What needs to be done » Set down exactly the lines that run from the one containing "1) Доспехи носят" to the end of the material below, both included, without pictures.

Data for the task »

•••

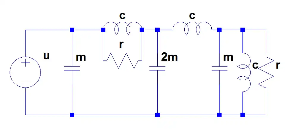 In practice, the stiffness of the spring , also called the spring constant, is usually expressed as , or the mechanical compliance of the spring. Therefore, the spring is very stiff if is large is small. Similarly, the spring is very loose or “bouncy” if is small is large. Noting that force and velocity are analogous to voltage and current, respectively, in electrical systems, it turns out that the characteristics of a spring are analogous to the characteristics of a capacitor in relation to, and, so we can model the “reactiveness” of a spring similar to the reactance of a capacitor if we let as shown in Fig. 2 below.
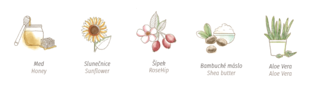 Voda, slunečnicový olej ze semen, oxid zinečnatý, kaprylový/kaprinový triglycerid, polyglyceryl-3 polyricinoleát, extrakt z listů Aloe Barbadensis, glycerin, cetearyl alba, bambucké máslo, šípkový olej, sójový olej, vitamin E, chlorid sodný, kyselina dehydrooctová, sorbát draselný, Glyceryl Caprate, Benzyl Alkohol
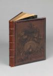 LUNOIS. GAUTIER (Théophile). Fortunio. Paris, Libr. des Bibliophiles, L. Conquet, 1898. In-4, maroquin havane, dos à 5 nerfs, le plat supérieur orné d'un large décor ciselé et gaufré, d'un paon sur fond de paysage luxuriant surmonté du titre...
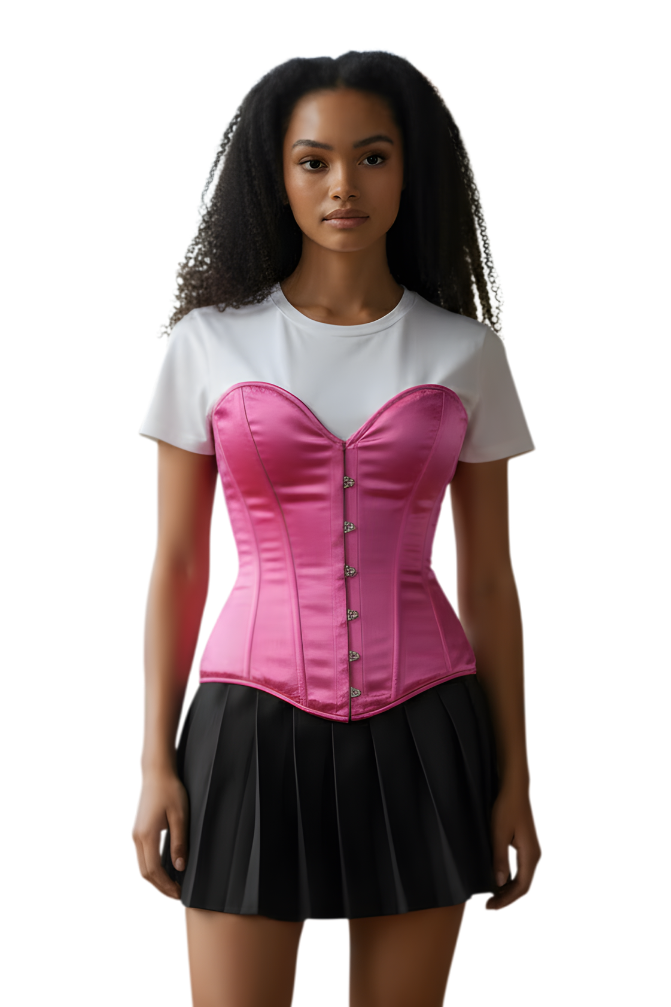 Shine bright in this eye-catching hot pink satin corset. Designed to accentuate your curves, this glossy statement piece features a structured silhouette with flexible acrylic boning for comfortable shaping. The front steel busk closure and dramatic sweetheart neckline make it both glamorous and flattering — perfect for burlesque, clubwear, costume styling, or everyday confidence.
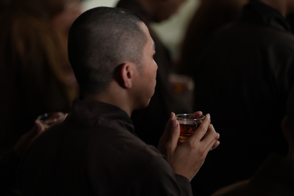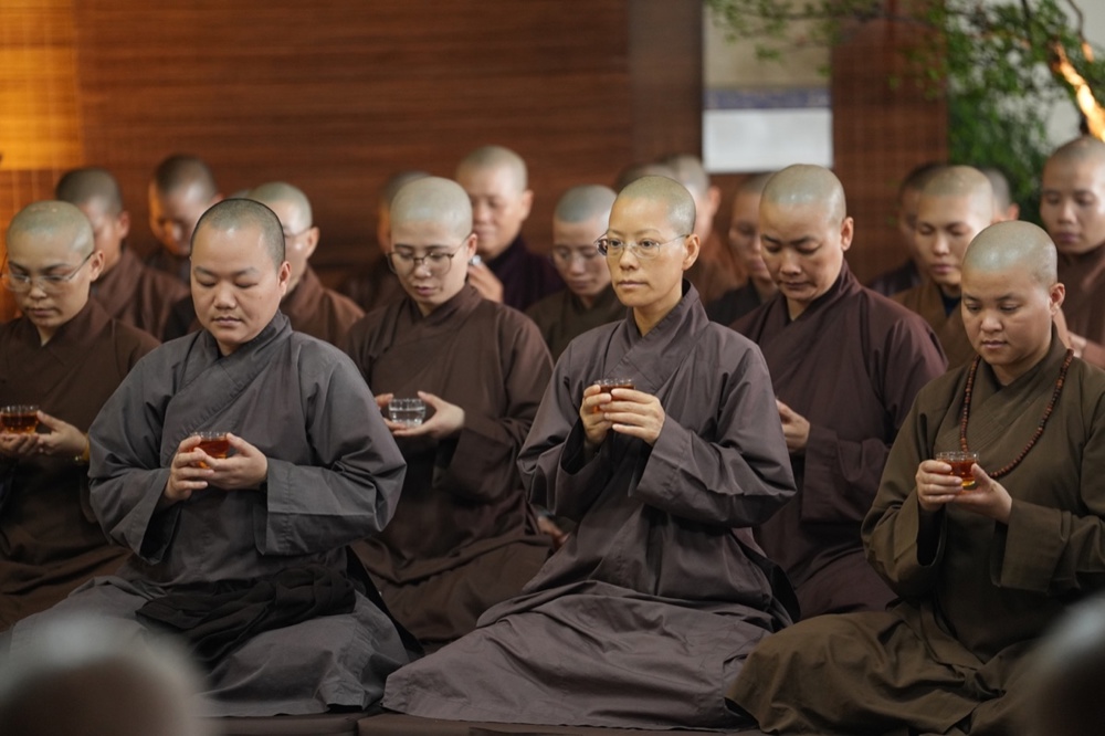 Trong suốt 5 ngày 4 đêm của khóa tu xuất sĩ, chư Tăng Ni giảng sinh đã vân tập về chùa Vạn Phúc, cùng nhau tham dự nhiều chương trình tu học và sinh hoạt ý nghĩa. Giữa dòng chảy liên tục của các thời khóa, mỗi người đều tìm thấy cho mình một “khoảng lặng” quý báu, đủ để nuôi dưỡng năng lượng và tiếp tục vững bước trên hành trình tu tập và phụng sự. Trong đó, thiền trà được xem là một pháp môn đặc biệt. Khởi nguồn từ nếp sống uống trà của Tổ tiên, thiền trà được nâng tầm thành một phương thức tu tập sâu sắc. Chén trà giờ đây không chỉ là phương tiện giao tiếp, mà trở thành chiếc “thuyền chở pháp”, đưa những lo toan, xao động trở về với thực tại nhiệm mầu.
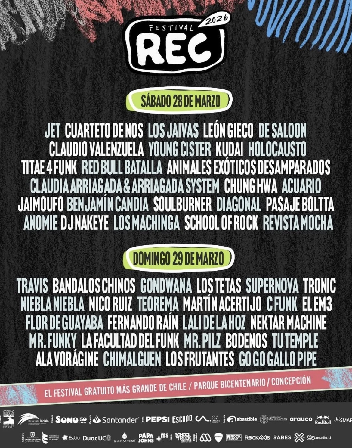 La organización del Festival REC 2026 dio a conocer la esperada programación por día, permitiendo a los miles de asistentes planificar su paso por el Parque Bicentenario de Concepción. La gran sorpresa de este anuncio fue la incorporación de Young Cister, uno de los máximos exponentes del género urbano nacional, quien llega para fortalecer una convocatoria que apuesta por la diversidad de estilos. Sin embargo, la noticia también trajo consigo la confirmación de que el dúo Katteyes no formará parte del evento, una modificación que ya ha generado diversas reacciones entre los seguidores del certamen penquista.
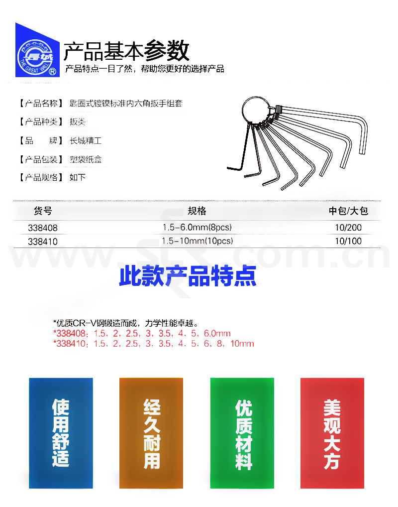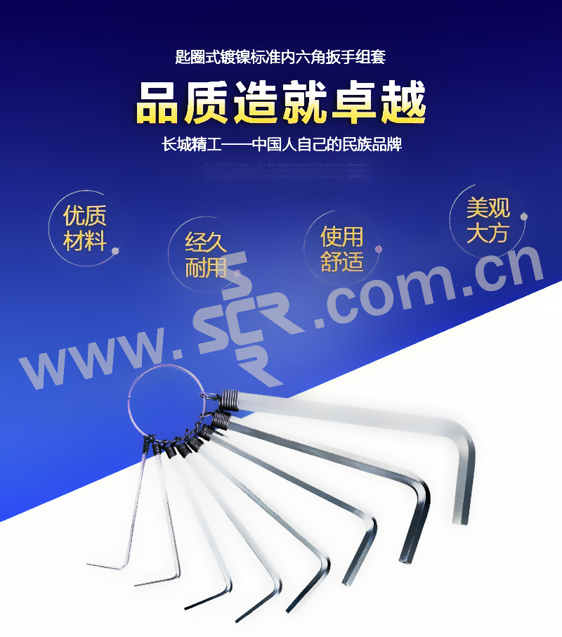 GREATWALL/长城精工 匙圈式系列镀镍标准内六角扳手组套 338408 1.5~6mm 1套
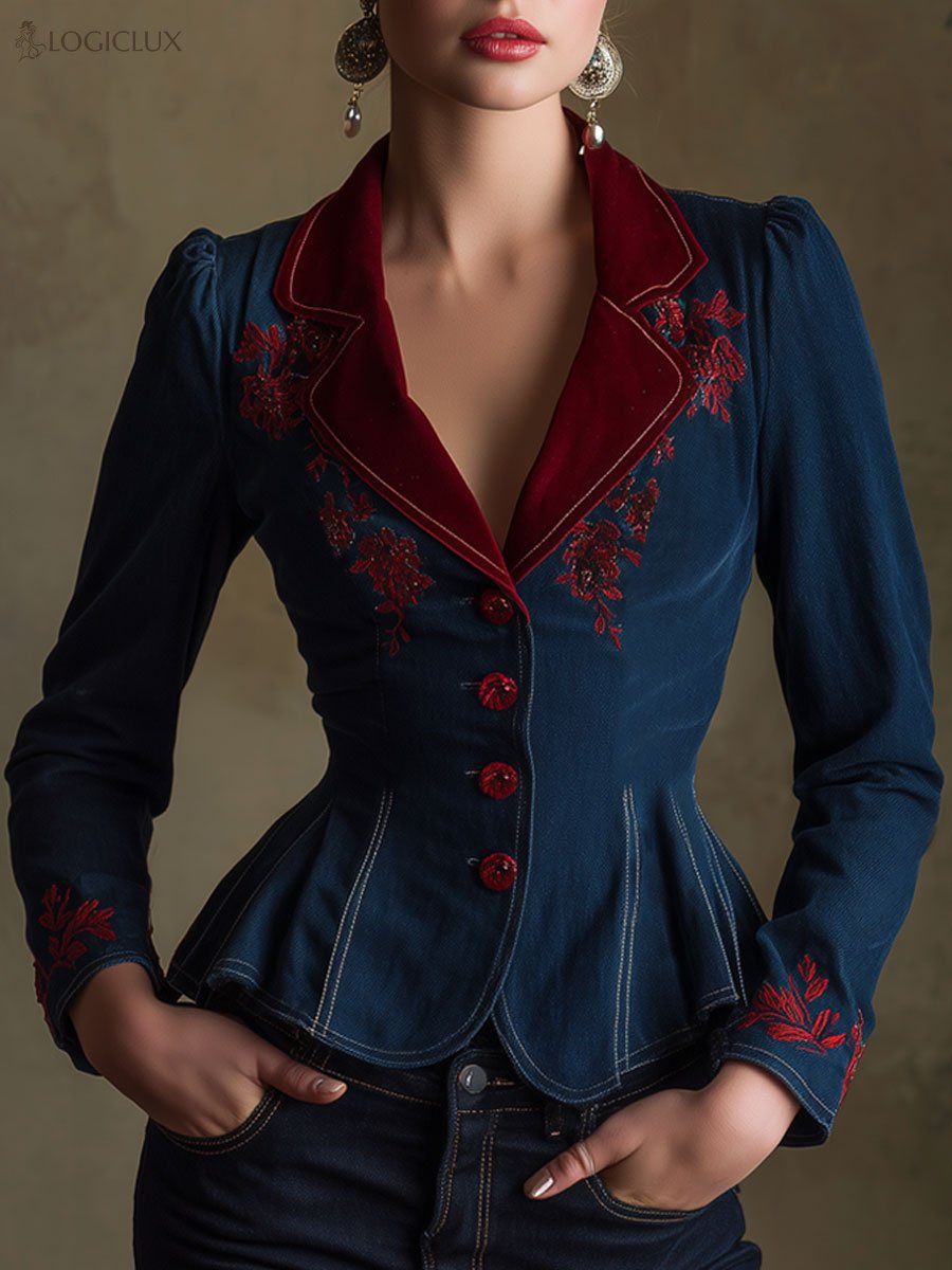 This retro velvet lapel embroidered dark blue denim fitted ruffled blazer is a striking piece that seamlessly blends classic elegance with a modern edge. Crafted from high-quality dark blue denim, the blazer offers a structured and flattering fit that accentuates the silhouette. The standout feature is its luxurious velvet lapels, which add a touch of sophistication and contrast beautifully with the denim fabric, creating a rich and textured look.
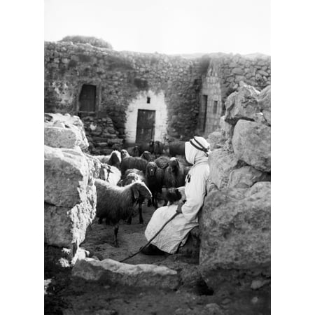 Sharafat Shepherd Na Young Shepherd Guards The Entrance To A Corral At Sharafat East Jerusalem Photograph C1928 Poster Print by Granger Collection
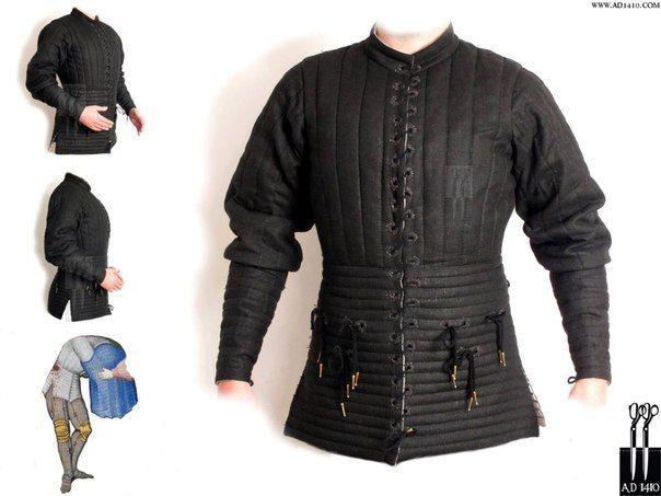 1) Доспехи носят поверх стёганной защиты, амортизирующей удар. Судя по доспеху там должен быть гамбезон конца 14 или 15 века.
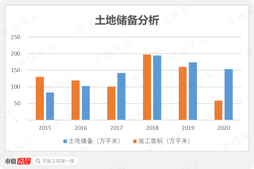 同预收账款情况类似,2020年公司土地储备之所以没有大幅下滑,与工程施工进度缓慢有直接关系。
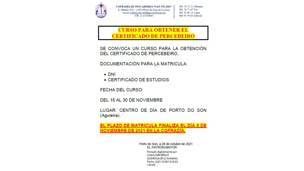 Inscricións abertas ata o 17 de febreiro ás 14:00 h (Confrarías de Porto do Son e Portosín).
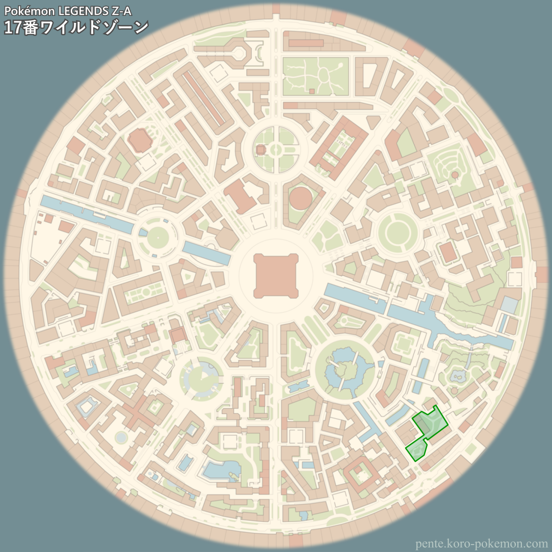 『Pokémon LEGENDS Z-A』(ポケモンレジェンズZ-A/ポケモンZA) で登場するミアレシティ「17番ワイルドゾーン」のマップデータ。

•••

Reply to the exercise »
 1) Доспехи носят поверх стёганной защиты, амортизирующей удар. Судя по доспеху там должен быть гамбезон конца 14 или 15 века.
 同预收账款情况类似,2020年公司土地储备之所以没有大幅下滑,与工程施工进度缓慢有直接关系。
 Inscricións abertas ata o 17 de febreiro ás 14:00 h (Confrarías de Porto do Son e Portosín).
 『Pokémon LEGENDS Z-A』(ポケモンレジェンズZ-A/ポケモンZA) で登場するミアレシティ「17番ワイルドゾーン」のマップデータ。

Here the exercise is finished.